Та в ответ принялась жалобно оправдываться:
– Я… я… наоборот, думала, что самое надежное место. Я ведь в своей жизни, верите, нет, еще ни разу, ни одного кошелечка не потеряла. Правду люди говорят: и на старуху бывает проруха. Бог-то с ними, с деньгами, там рублей восемьсот было, не больше. А вот с брелочком с вашим… Подвела я вас, ох, подвела.
– Ильдар, вы тут с Верой Павловной посидите минуточку. А я сейчас попробую дозвониться до одного человека.
Ольга отошла в сторону и, порывшись в мобильной записной книжке, набрала искомый номер. Который в своей еще такой совсем недавней другой жизни порою набирала по службе по нескольку раз на дню…
– …Степан? Привет! Узнал?
– Олька, ты? Какими судьбами, красавица? – ворвался в эфир радостно-возбужденный голос бывшего коллеги Прилепиной по службе в «карманном» отделе.
– Да вот, возникла необходимость.
– А просто так, без необходимости, что, старым друзьям уже не позвонить?
– Да ладно тебе, Стёпка, ты же знаешь как я тебя люблю. Ну что, как там у вас дела? Как служба?
– Это не служба – это наказание божие за грехи наши. Так что, ты очень правильно сделала, что перевелась.
– Всё так плохо?
– Помнишь присказку Золотова? «Подъем! – сказал котенок, когда его понесли топить». Так вот, у нас теперь команда «Подъем» звучит по нескольку раз на дню. Ладно, подробности при личной встрече. Что там у тебя за необходимость?
– Ты не в курсе, кто из наших тихарей сегодня на Невском трудился?
– Так я и трудился. Час назад как вернулся.
– О, это я удачно набрала! Слушай, ты в «Гостинку» заглядывал?
– Заскакивал. Но сегодня так, больше для порядку.
– Из «мойщиков» кого видел?
– Бабу Дусю видел. Эсмеральду. Ну и Шмага со своими там терся. Куды без него?

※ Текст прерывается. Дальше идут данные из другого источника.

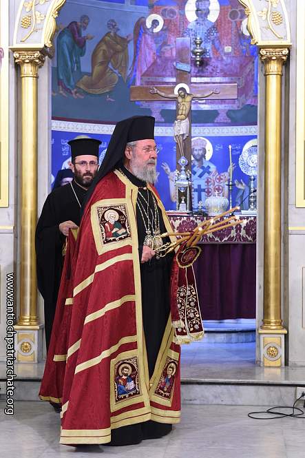 رئيس أساقفة قبرص يقيم القداس في كنيسة الصليب المقدس بدمشق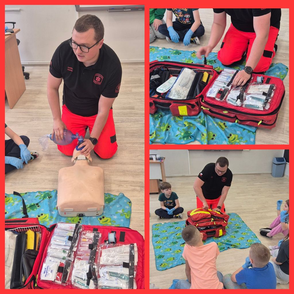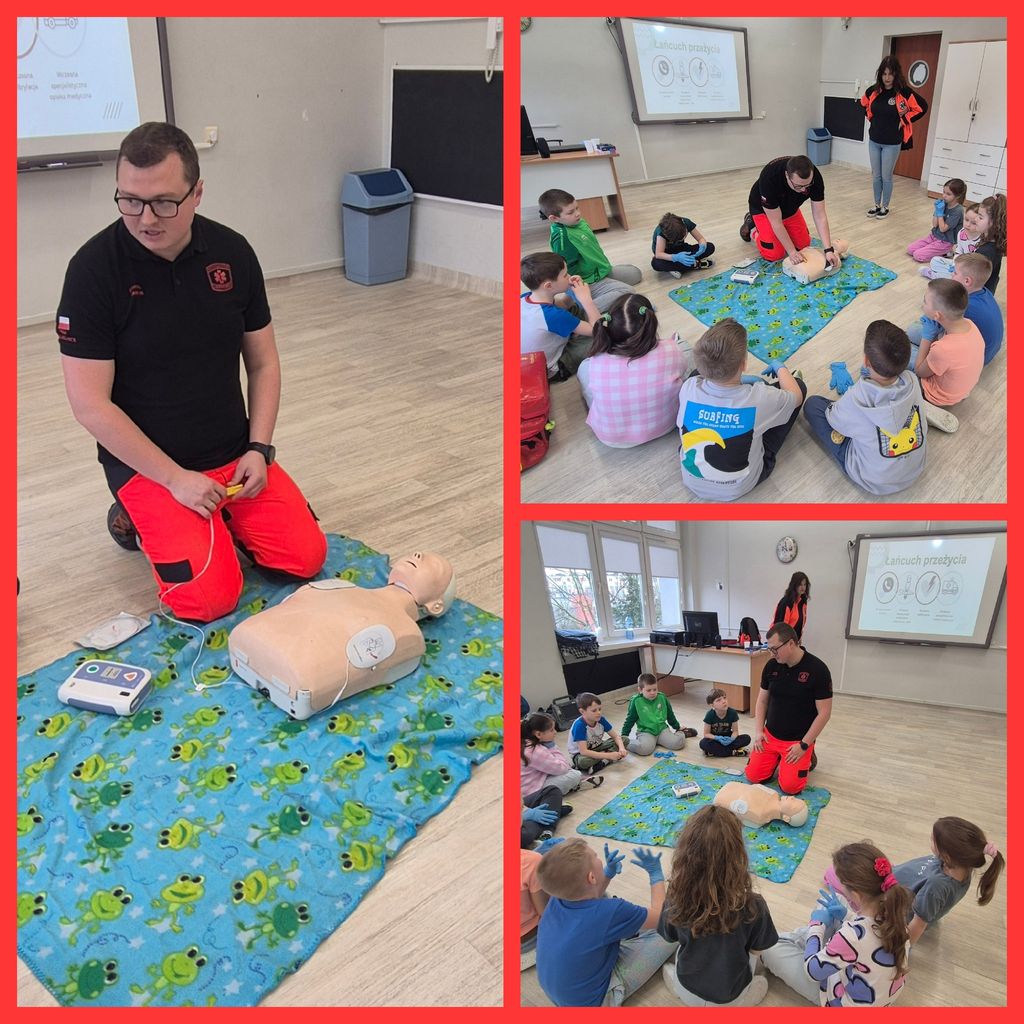 31 marca uczniowie klasy 1b gościli na lekcjach Państwa Klaudię i Daniela Pawlik - ratowników medycznych z Polkowickiego Pogotowia Ratunkowego i SOR-u Głogowskiego Szpitala Powiatowego. Ratownicy przeprowadzili dla uczniów zajęcia z udzielania pierwszej pomocy przedmedycznej. Dzieci poznały Algorytm Pierwszej Pomocy oraz Łańcuch Przeżycia, a także przypomniały sobie oraz utrwaliły numery alarmowe 112 i 999. Na fantomie trenowały kolejność działań w przypadku konieczności udzielenia pierwszej pomocy oraz resuscytację, czyli uciski klatki piersiowej. Poznały także zastosowanie defibrylatora AED. Duże wrażenie zrobiła na dzieciach ogromna apteczka, czyli plecak ratunkowy i wszystkie znajdujące się w nim leki i sprzęty. Największą atrakcją okazał się aparat do badania EKG i możliwość zbadania się. Wszyscy ochoczo dali się podłączyć do kabelków i obserwowali, jak bije ich serce. Przeprowadzone zajęcia były niesamowicie interesujące, wzbudzające moc wielkich emocji, a przede wszystkim wypełnione ogromem niezbędnej wiedzy i umiejętności. Uczniowie, wraz z wychowawcą, panią Agatą Kusiak, dziękują Pani Klaudii i Panu Danielowi za wspaniale i owocnie spędzony czas. I za to, że ratują ludzkie zdrowie i życie!

– Шмага? Его что, до сих пор не посадили?
– Как же, посадишь его. Практически живой памятник. Карманной тяге.
– Спасибо, Стёпа, поняла.
– А у тебя там что, обули кого?
– Ага.
– Ну, тогда точно нужно Шмагу трясти. Хочешь, могу подскочить-помочь?
– Не стоит, сама справлюсь. Всё, целую тебя. Всем нашим большой привет.
Ольга убрала телефон и, вернувшись к своим, уточнила у Анкудиновой:
– Вера Павловна, вы сейчас не очень спешите?
– Отспешилась уже, – тяжело вздохнула та. – У меня ведь даже на проезд денег не осталось. Всё до копеечки утащили, паразиты. Вот сижу жду, когда дочка за мной приедет.
– Тогда никуда с этой скамеечки не уходите и обязательно дождитесь нас. Хорошо?
– Хорошо.
Прилепина кивнула Ильдару: дескать, пошли, есть идея.
И они направились в некогда самый крупный и известный петербургско-петроградско-ленинградско-петербургский магазин. Который в наши дни ощутимо потерял в статусе и теперь является всего лишь одним из. Из многочисленных и простому смертному ценонедоступных городских мегабутиков…
…Шмагу отыскали в открытой летней кафешке, стихийно развернутой в том месте, где знаменитая «галера»[2] под углом в девяносто градусов резко сворачивает с Садовой на Невскую линию. В гордом одиночестве он сидел за самым козырным столиком с видом на здание Думы и, покуривая, потягивал кофеек. Не такой как у прочих, не-ВИП посетителей (растворимый, из банки), а натуральный, заварной.
То был мрачный, шкафоподобный тип в дорогом стильном костюме с большим количеством перстней на пальцах обеих рук. Но не на цацки, а именно на сами пальцы в первую очередь обратил внимание Джамалов. Были они длинные, ухоженные как у женщины и резко диссонировали с остальными, словно бы грубо вытесанными, частями тела.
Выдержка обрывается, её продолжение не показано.